Before we tackle the objections, let’s talk about what “the way we’ve always done it” actually costs.

When Tony Conte joined Pharmacann as their first safety professional, he inherited a nightmare. Seven production sites across six states, 35 retail locations, 1,500 employees—and everything managed through Google Docs. Safety training came from four different external contractors. Nobody tracked completion. SDSs were limited. There was essentially no safety program at all.

At J. Mullen & Sons, the situation was similar. Five separate training programs costing $75,000 to $100,000 annually, with no one paying attention to whether employees actually completed their training.

This is what “the way we’ve always done it” looks like in practice:

  • Accessibility challenges: Hours or days spent digging through paperwork instead of instant reporting
  • Data fragmentation: Critical information scattered across Google Docs, spreadsheets, and paper files
  • Time lost: Manual searches that should take minutes stretching into days
  • Missed opportunities: Unable to respond quickly when clients or auditors request data

Want to hear Tony’s complete story?

Watch him share his full experience implementing EHS software at two different organizations in our on-demand webinar: Hear From Your Peers – Real ROI Stories

Common Executive Objections (And How to Counter Them)

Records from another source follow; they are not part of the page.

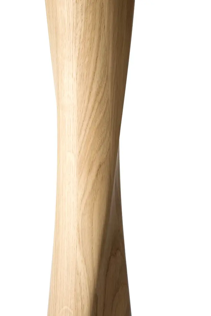 Airy with subtle complexities, the Torsion dining table incorporates advanced woodworking techniques to create a light solid oak table top with a torsade base of sculptural elegance.
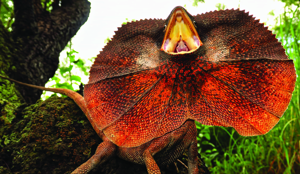 Австралийн хойд хэсэг, Шинэ Гвинейн өмнөд хэсэгт амьдардаг, аврага хүзүүт гүрвэл. Энэхүү гүрвэл нь аймшигтай дүр төрхтэй ба зөвхөн шавьжаар хооллодог. Frill-necked lizard махчин амьтдаас хамгаалахын тулд бие махбод нь дасан зохицсон бөгөөд хойд хөлөөрөө маш хурдан гүйх чадвартай.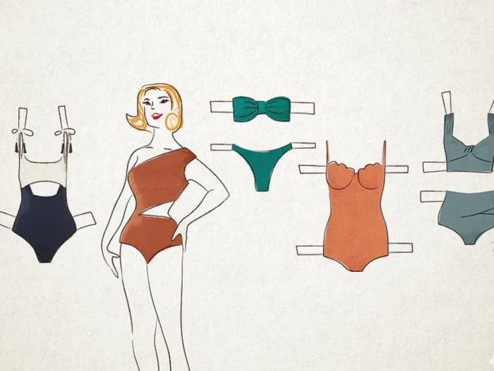 • An “oval” type of figure needs a swimsuit to add volume to the hips and emphasize the waist. One-piece swimsuits with nice cut-outs on the back, as well as tankinis, are best suited for this.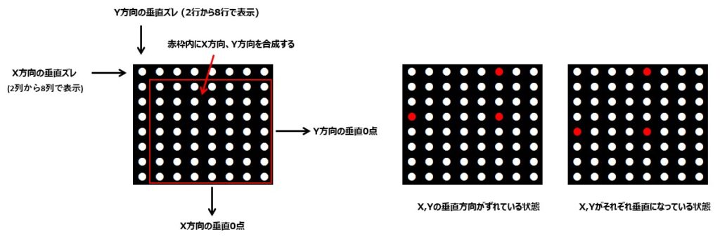 - GY-521(MPU6050)で計測したX軸とY軸の垂直方向の角度をある範囲でドットに表示させ。X軸とY軸ともに垂直になった時に中心部の水平5列目、垂直5列目のLEDが点灯するようにします。円形水準器(サークルレベル)で水平を合わせるときに気泡が中心になるように水準器を乗せた機器の高さを合わせますが、そのようなイメージになるのではと考えています。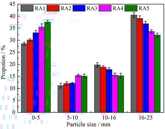 The particle size proportions of recycled aggregate (RA) are shown in Figure 7. Each RA was randomly selected for screening three times, and at least 5 kg was weighed each time. The average value and error were calculated. The RA-i was obtained from the NAC every F-T 150 cycles until F-T failure. As the F-T cycles of NAC increased, the particle size proportion of 0–5 mm of RA increased and the proportion of RCA with particle size greater than 5 mm decreased.

When you present your case for EHS software, you’ll likely face the same handful of objections that every safety leader encounters. Here’s how your peers successfully addressed each one:

Objection 1: "It's Too Expensive"

This objection evaporates when you apply the 2% rule: your EHS software should cost less than 2% of a single incident.

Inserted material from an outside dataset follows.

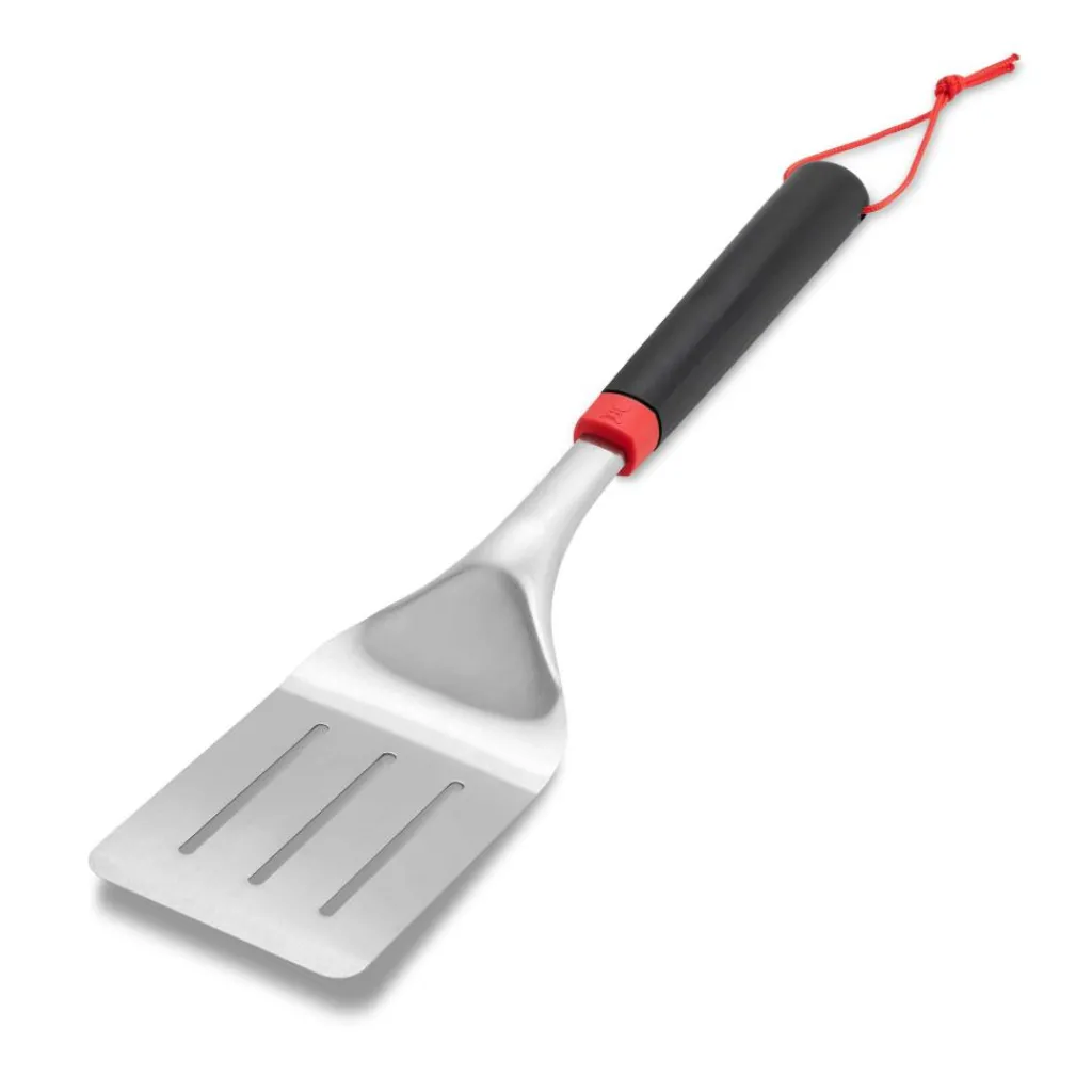 Deze Weber barbecuespatel is ideaal voor het probleemloos omdraaien van burgers. De spatel is lang genoeg om uw hand ver weg te houden van de warmte.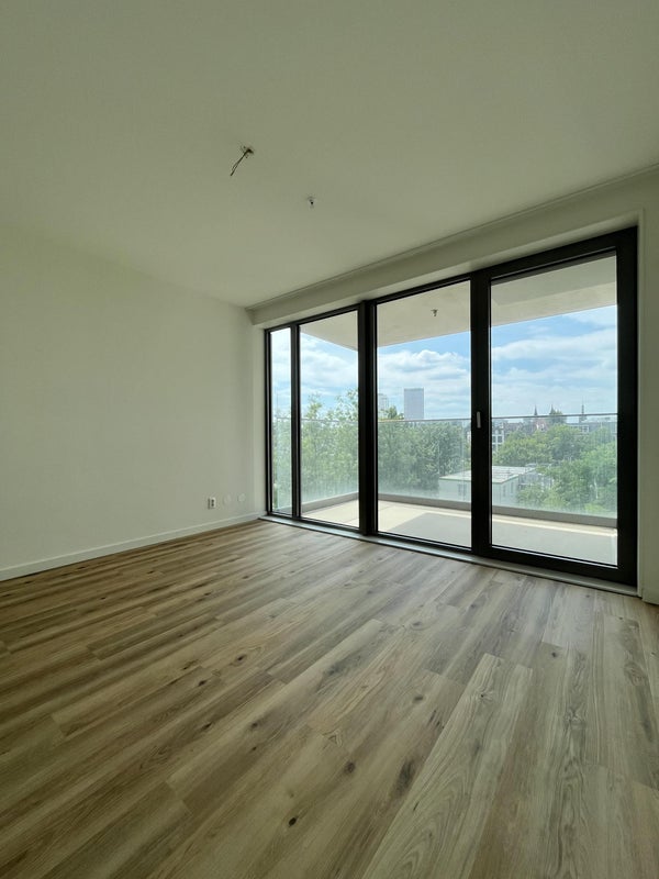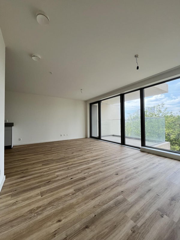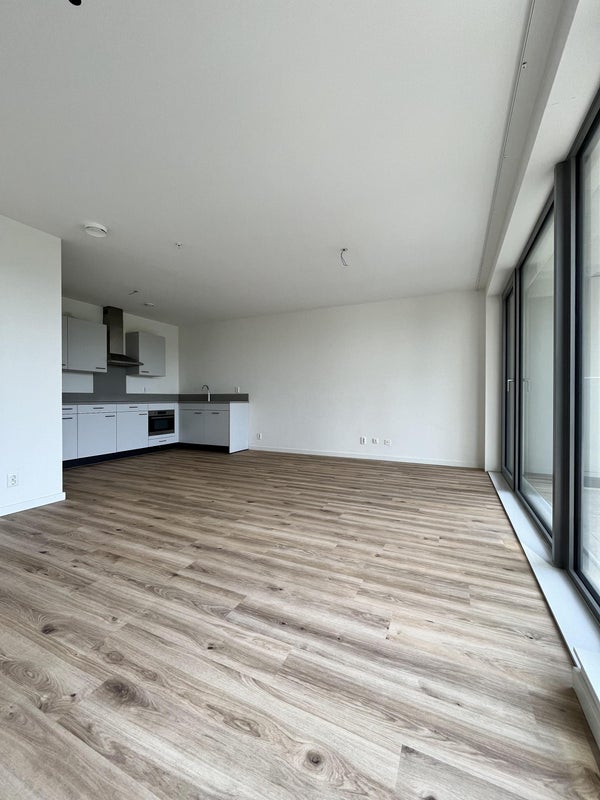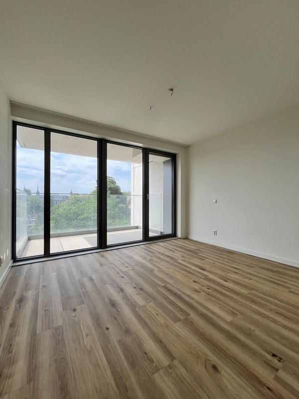 De lichte woonkamer met open keuken geeft toegang tot het west-gerichte balkon, een perfecte plek om te ontspannen.

A $15,000 back injury already exceeds the annual cost of most software platforms. And that’s just the direct cost. OSHA’s Safety Pays calculator shows the true cost is often four to five times higher when you factor in investigation time, productivity loss, replacement training, and equipment downtime.

As Tony puts it: “The cost of KPA is probably less than 1% of what that actual incident is costing me.”

You’re not asking for an expense. You’re presenting a cost-avoidance strategy.

Objection 2: "It's Too complicated / It will take too long"

This objection assumes complexity. Your peers who’ve actually implemented EHS software tell a different story.

Just from the amount of time saved putting together and providing training. This, along with the amount of documentation that can be handled electronically and stored efficiently, was my ROI.
Jeff Freeman, Director of Operations, Carbice Corporation

At Alleguard Manufacturing, Cory Balthrop started with zero EHS program and achieved over 90% company-wide training completion. His take on the technology?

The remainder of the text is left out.